Loin de présenter des excuses pour ses propos, le patron de Goya a souligné qu’il se trouvait à la Maison Blanche pour annoncer le don de plusieurs millions de produits Goya aux banques alimentaires du pays. Dont un million de boîtes de pois chiches. Et qu’il avait auparavant soutenu les efforts de l’ex-première dame Michelle Obama dans sa croisade contre la malbouffe dans les cantines scolaires. Ce programme humanitaire s’inscrit dans la «Hispanic Prosperity Initiative», le plan de Donald Trump pour améliorer le niveau de vie des Latinos à travers des projets philanthropiques, et tenter par la même occasion d’attirer leur vote pour l’élection présidentielle du 3 novembre.

Nostalgie pour les produits du terroir

L’ampleur prise par l’affaire s’explique par le rapport affectif qu’entretiennent les communautés latines avec leur héritage culinaire, et le rôle qu’a joué historiquement Goya dans le maintien du lien avec les pays d’origine. L’entreprise a été créée en 1936 par un immigrant espagnol, Prudencio Unanue, parti de son village de la province de Burgos tenter sa chance en Amérique. Devenu épicier à Manhattan, il avait constaté la nostalgie de sa clientèle pour les produits du terroir, comme l’huile d’olive, introuvables à New York. Peu à peu, il met en place des filières d’importation d’aliments d’Espagne, du Mexique ou de Porto Rico. La création de sa propre marque est l’étape suivante de son développement.

Quand Joseph Unanue prend le relais de son père épicier, il fait de Goya, basée dans le New Jersey, une entreprise prospère, à laquelle les vagues d'immigration apportent une clientèle grandissante. Leur gamme compte des centaines de produits, dont le plus emblématique de tous : les haricots rouges ou noirs. Et tout latino connaît le slogan publicitaire «Si c'est Goya, c'est forcément bon». En 2004, le petit-fils, nommé lui aussi Joseph Unanue, prend les commandes et se lance à la conquête des consommateurs anglophones, en plein boom des cuisines exotiques. «Nous ne vendons pas aux latinos, nous vendons en tant que latinos», explique-t-il. Aujourd'hui, Goya affiche un chiffre d'affaires estimé à 1,5 milliard de dollars et emploie 4 000 personnes. C'est la plus grande entreprise des Etats-Unis dont le capital est aux mains d'une même famille.
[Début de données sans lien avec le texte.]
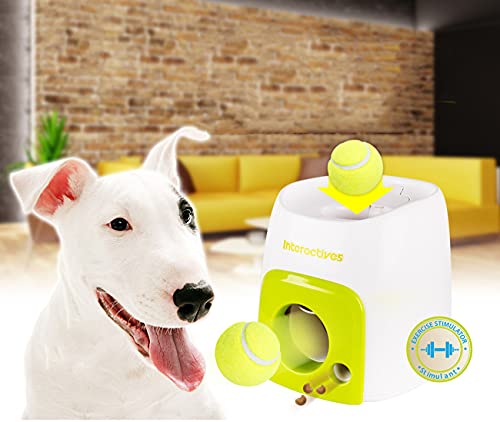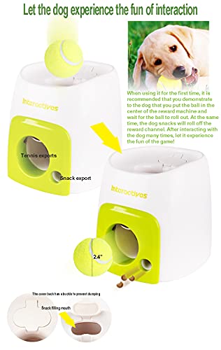 Automatische feeder: Uitgerust met een 2,4 inch elastische tennisbal, geschikt voor huisdieren van verschillende leeftijden. Geen elektriciteit nodig, automatische voeding, gemakkelijk te gebruiken. Automatische balwerper daagt hen uit om iets nieuws te leren. Speelt apporteer met uw hond, interactieve functies helpen bij de training.
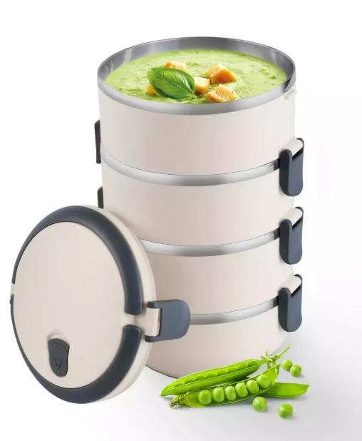 Hermetički i vodootporni poklopac s ugrađenom silikonskom brtvom sprječava curenje i održava svježinu hrane. Spremnik je pogodan i za čuvanje hrane u hladnjaku, pružajući dodatnu praktičnost za kućnu upotrebu. Poklopac sadrži praktičnu ručku i aroma ventil, omogućujući jednostavno nošenje i dugotrajno očuvanje okusa hrane.

Des partisans du boycott ont cru utile de conseiller aux consommateurs des alternatives aux produits Goya, notamment les marques Badia et Conchita. Ce n’est pas forcément une bonne idée. Ces deux entreprises ont été fondées par des exilés cubains ayant fui le régime communisme de Fidel Castro, qui avait exproprié et nationalisé la quasi-totalité du secteur économique privé. Pas vraiment le profil d’opposants au président républicain candidat à la réélection. Le siège de Badia, spécialisé dans les épices et condiments, se trouve d’ailleurs à Doral, en Floride, l’une des villes les plus «Trump-friendly» des Etats-Unis : c’est là que le Président a construit son luxueux complexe de golf et de loisirs, le Trump National Doral Miami Resort.